WHAT THE TASK REQUIRES: Once the line containing "Bristol 42.25 in." is reached, copy it and every line after it exactly, to the end of the material, without pictures.

DATA EXCERPT:
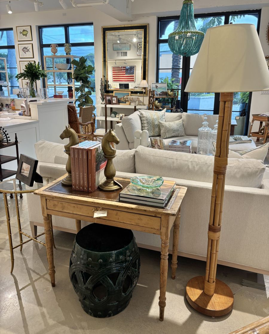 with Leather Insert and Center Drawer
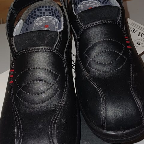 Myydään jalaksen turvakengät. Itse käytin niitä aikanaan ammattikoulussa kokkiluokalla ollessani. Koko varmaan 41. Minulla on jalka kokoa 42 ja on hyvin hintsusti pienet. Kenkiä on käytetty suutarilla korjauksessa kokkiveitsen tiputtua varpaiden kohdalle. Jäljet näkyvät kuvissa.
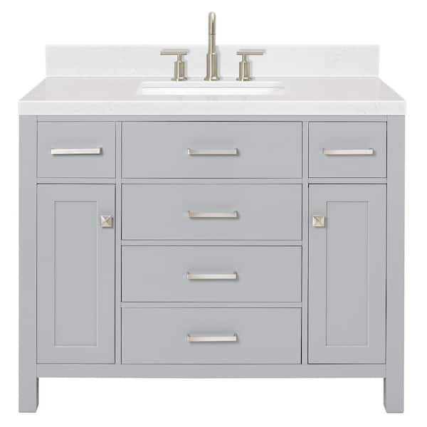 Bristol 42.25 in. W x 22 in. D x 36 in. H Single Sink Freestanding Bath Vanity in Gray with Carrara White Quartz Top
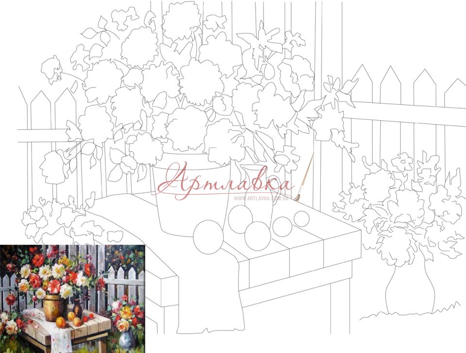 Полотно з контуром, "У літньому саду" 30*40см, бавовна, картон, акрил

RESULT FOR THIS EXERCISE:
 Bristol 42.25 in. W x 22 in. D x 36 in. H Single Sink Freestanding Bath Vanity in Gray with Carrara White Quartz Top
 Полотно з контуром, "У літньому саду" 30*40см, бавовна, картон, акрил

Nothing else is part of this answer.